A further problem encountered by patients who are using full face, nasal or nose and mouth masks is that the portion of the patient interface that seals around the nasal bridge prevents the patient from wearing spectacles. Additionally it may give the sensation of being closed in, leading to a feeling of claustrophobia, particularly when combined with a mouth-sealing portion. A further disadvantage is that any leaks that may occur can affect the sensitive area surrounding the eyes.
One form of nasal assembly known as a nasal puff is described in U.S. Pat. No. 4,782,832 (Trimble et al.). This device has a pair of nasal puffs together with a plenum chamber held in place with a harness assembly adapted to be worn over the head of the patient. The device does not provide a mouth seal.
Another form of known nozzle assembly is described in U.S. Pat. No. 6,431,172 (Bordewick et al.). The patent discloses a device with nares elements mounted on an inflatable plenum chamber. Again this does not provide any structure for sealing the mouth.
One typical example of a known nasal mask is described in U.S. Pat. No. 5,243,971 (Sullivan et al.). This has a ballooning seal in order to fit the patient's nose and facial contours but does not provide a mouth seal. The contents of this patent are hereby incorporated by cross-reference.
WO 01/97893 A1 (Frater et al.), the content of which is hereby incorporated by cross-reference, describes a mask system for delivering air to a user including a suspension mechanism. This suspension mechanism allows relative movement between a face-contacting portion and a mask shell.

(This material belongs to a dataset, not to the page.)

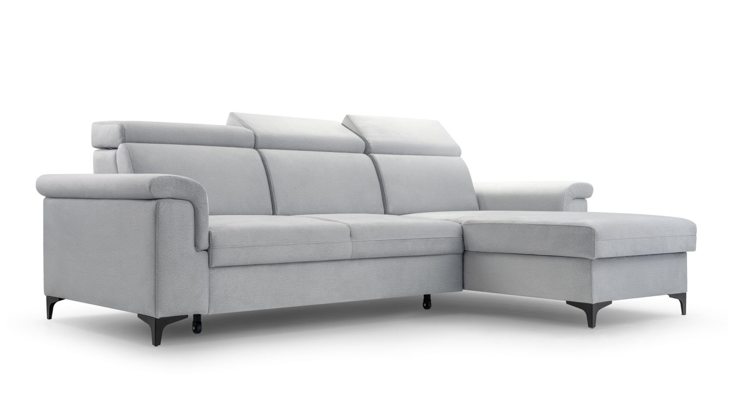 Narożnik z funkcją spania ALBANO jasnoszary z pojemnikiem L-kształtny

A known example of a full face mask is described in U.S. Pat. No. 6,513,526 B2 (Kwok et al.), incorporated herein by reference in its entirety. Whilst providing a facial contour and sealing mechanism that incorporates both the nasal and mouth, this mask cannot flex to adapt to changes in jaw movement and head position throughout the night.
A known example of a nose and mouth mask is described in U.S. Pat. No. 5,560,354 (Berthon-Jones et al.), the content of which is hereby incorporated by cross-reference.
U.S. Patent Application Publication 2002/0069872 A1 (Gradon et al.) describes a mouthpiece which seals the oral cavity against ‘mouth leak’. This mouthpiece includes both intra-oral and extra-oral sealing means and can be kept in place without the need for straps. WO 01/95965 (Gradon et al.) describes a similar mouthpiece for supplying humidified gases to a user.
U.S. Pat. No. 6,571,798 B1 (Thornton) describes an oral device for improving a patient's breathing together with a connecting post that provides a standard interface to a CPAP patient interface. The oral device is said to extend the lower jaw of the patient and thus open the breathing passage. The oral device is clenched between the teeth which may lead to discomfort and if mask pressures are high can lead to the slow creep of gums around the teeth due to the sustained load.
U.S. Pat. No. 1,873,160 (Sturtevant) describes a cylindrical air chamber held in position by a mouth portion that extends between the lips and teeth. The mouth portion may prove irritating and lead to discomfort when used for long periods.
A problem with patient interfaces which incorporate oral appliances is that they can be uncomfortable for patients. Therefore, a need has developed in the art to address the problems of the prior art.